## Provided information
▼▼▼

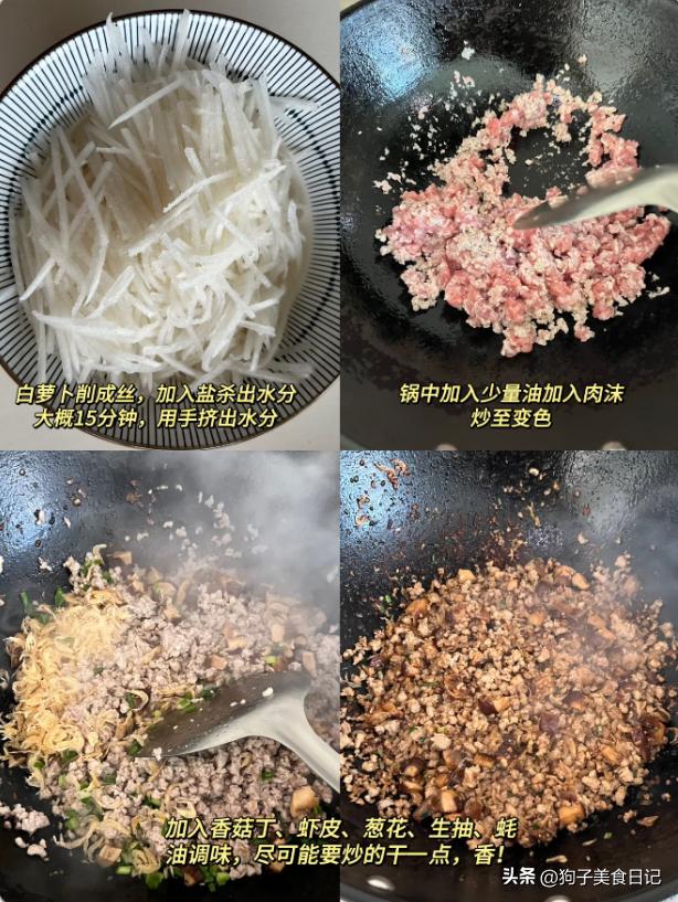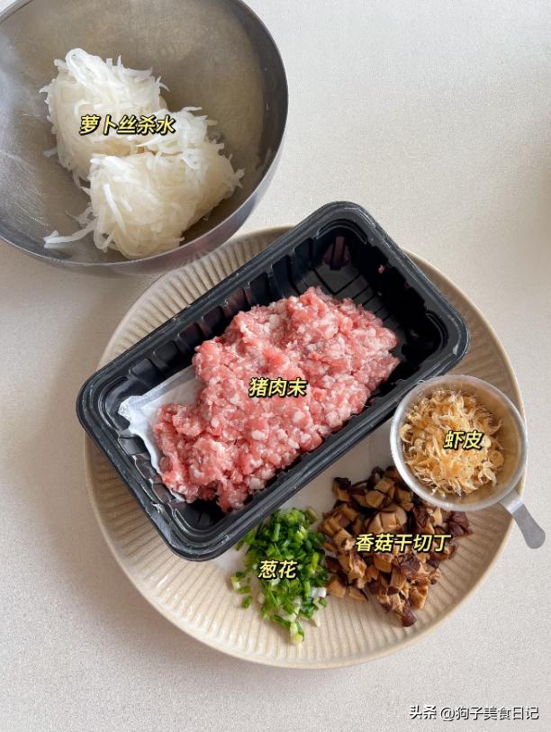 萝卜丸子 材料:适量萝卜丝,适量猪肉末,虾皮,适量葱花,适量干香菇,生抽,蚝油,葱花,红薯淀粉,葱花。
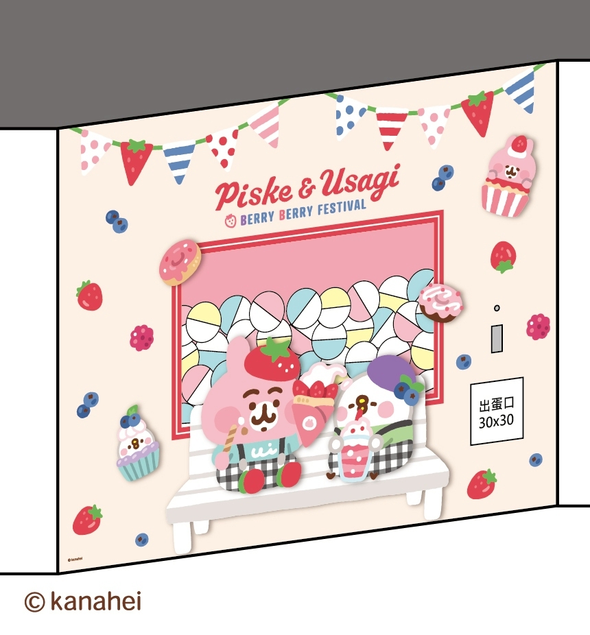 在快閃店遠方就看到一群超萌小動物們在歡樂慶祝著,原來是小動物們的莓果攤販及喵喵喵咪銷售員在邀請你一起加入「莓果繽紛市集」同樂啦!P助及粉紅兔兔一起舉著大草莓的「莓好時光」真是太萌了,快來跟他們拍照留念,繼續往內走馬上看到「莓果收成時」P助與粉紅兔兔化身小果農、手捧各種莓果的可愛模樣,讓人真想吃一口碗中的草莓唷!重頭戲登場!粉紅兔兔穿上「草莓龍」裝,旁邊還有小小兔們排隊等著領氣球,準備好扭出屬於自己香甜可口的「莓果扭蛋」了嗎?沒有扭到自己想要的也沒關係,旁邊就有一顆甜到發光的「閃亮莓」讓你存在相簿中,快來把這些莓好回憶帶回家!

▲▲▲
▼▼▼

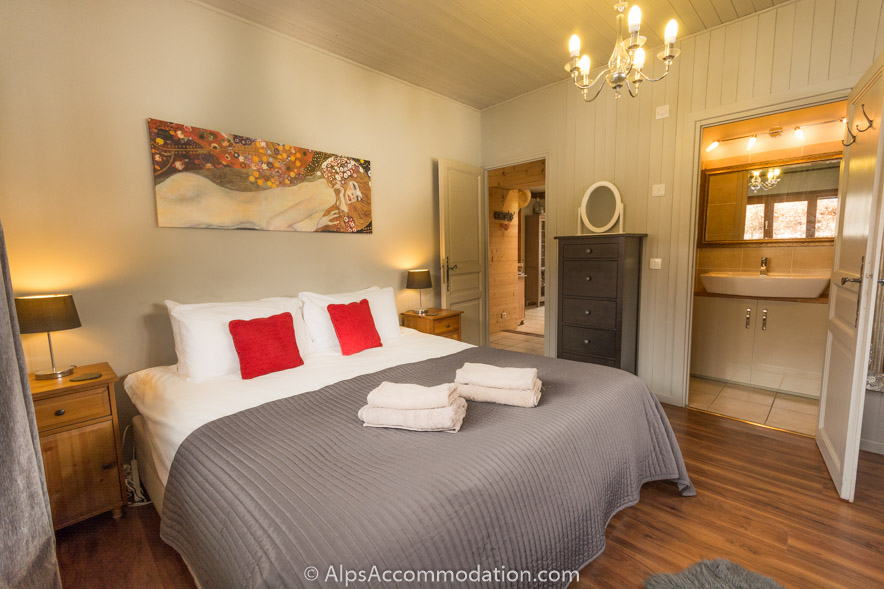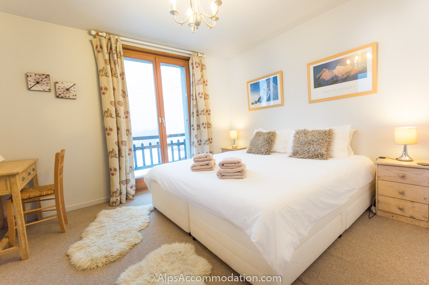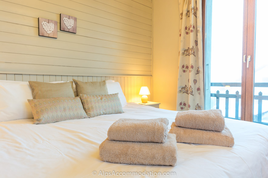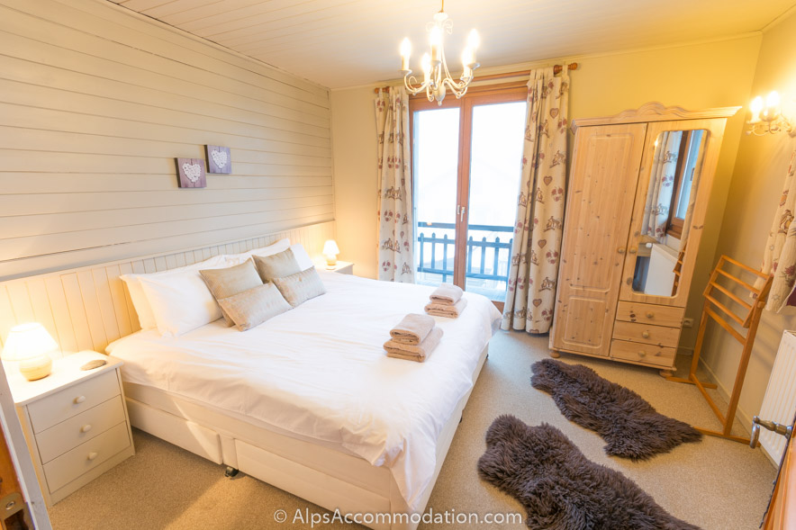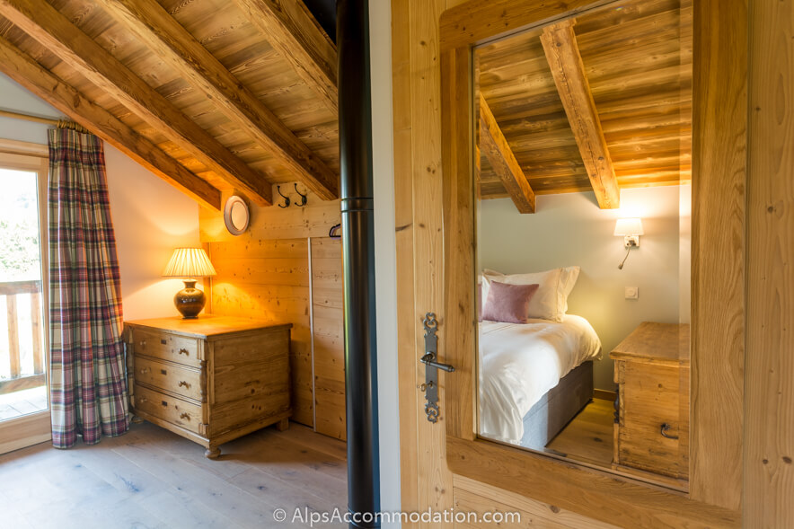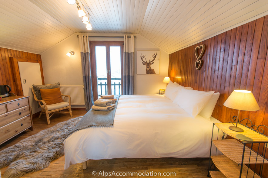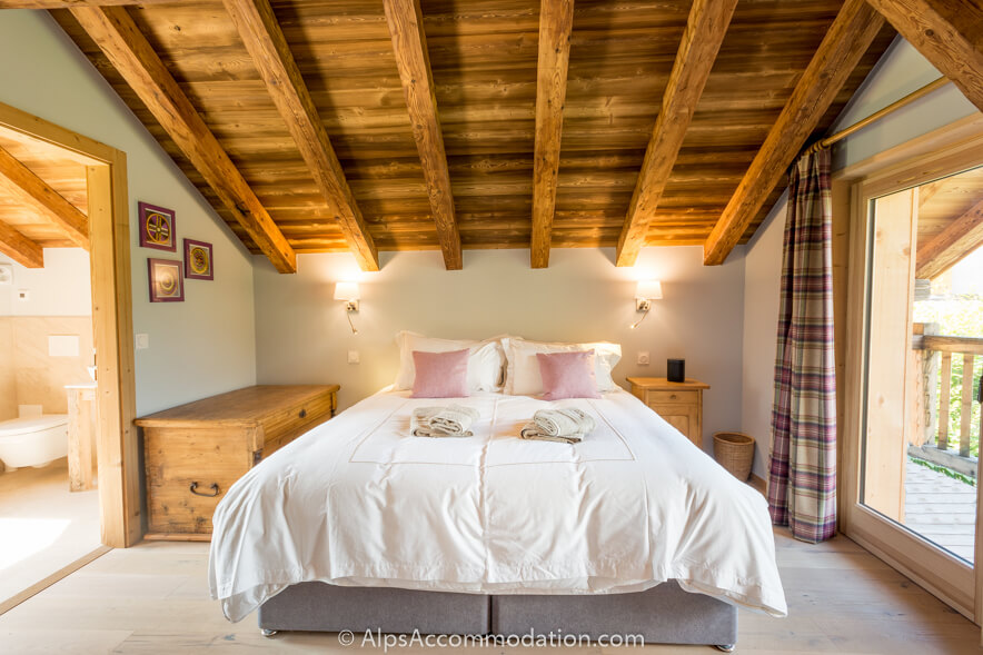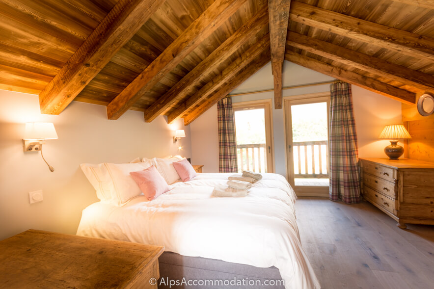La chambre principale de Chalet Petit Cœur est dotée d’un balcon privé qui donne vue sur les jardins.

▲▲▲

## Task details
Would you copy the lines above exactly, starting with the one that has "萝卜丸子 材料:适量萝卜丝,适量猪肉末,虾皮,适量葱花,适量干香菇,生抽,蚝油,葱花,红薯淀粉,葱花。" and ending with the one that has "在快閃店遠方就看到一群超萌小", both included, without the pictures?

## Output for this task
 萝卜丸子 材料:适量萝卜丝,适量猪肉末,虾皮,适量葱花,适量干香菇,生抽,蚝油,葱花,红薯淀粉,葱花。
 在快閃店遠方就看到一群超萌小動物們在歡樂慶祝著,原來是小動物們的莓果攤販及喵喵喵咪銷售員在邀請你一起加入「莓果繽紛市集」同樂啦!P助及粉紅兔兔一起舉著大草莓的「莓好時光」真是太萌了,快來跟他們拍照留念,繼續往內走馬上看到「莓果收成時」P助與粉紅兔兔化身小果農、手捧各種莓果的可愛模樣,讓人真想吃一口碗中的草莓唷!重頭戲登場!粉紅兔兔穿上「草莓龍」裝,旁邊還有小小兔們排隊等著領氣球,準備好扭出屬於自己香甜可口的「莓果扭蛋」了嗎?沒有扭到自己想要的也沒關係,旁邊就有一顆甜到發光的「閃亮莓」讓你存在相簿中,快來把這些莓好回憶帶回家!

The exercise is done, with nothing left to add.